Freeman Spogli Institute for International Studies Woods Institute for the Environment Center on Food Security and the Environment Stanford University


Alarmingly High Anemia Prevalence in Western China

Journal Article

Renfu Luo, Xiaobing Wang, Chengfang Liu, Linxiu Zhang, Yaojiang Shi*, Grant Miller, Scott Rozelle, Elaine Yu, Reynaldo Martorell*

Published by
Southeast Asian Journal of Tropical Medicine and Public Health, Vol. 42 no. 5

Despite rapid growth in China, it is unclear whether the poor have benefited in terms of nutrition.
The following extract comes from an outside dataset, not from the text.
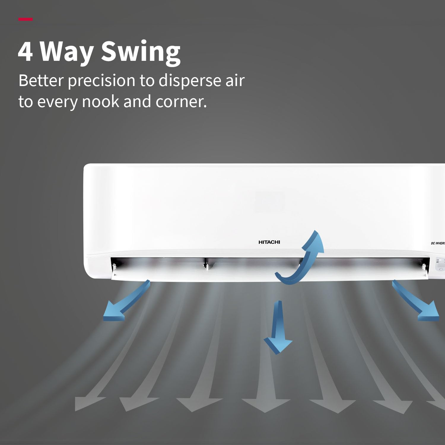 Hitachi 1.5 Ton Class 3 Star Xpandable+ Inverter Split AC (100% Copper, 4-Way Swing, ice Clean, Dust Filter, 3400SXL RAS.D318PCCIBS, White)

This paper’s goal is to understand the prevalence of anemia among school children in western China.We report on results from seven cross-sectional surveys involving 12,768 age 8-12 students. Sample students were selected randomly from 283 primary schools in 41 poor counties of Ningxia, Qinghai, Shaanxi and Sichuan provinces. Data were collected through questionnaires and hemoglobin tests. The dataset represents 7 million age 8-12 children in poor western counties. The anemia prevalence was 34% using the WHO’s hemoglobin cutoff of < 120g/L. Students who boarded at school and girls were more likely to be anemic. Assuming the sample population is representative of poorregions in western China, nearly2.5 million 8-12 year old school children in the region may be anemic and many more iron deficient. Given China’s growth, such high prevalence of anemia is surprising and illustrative of the large health disparities in the country. Iron deficiency remains a significant nutrition issue, though there appears to be no effort to address this issue.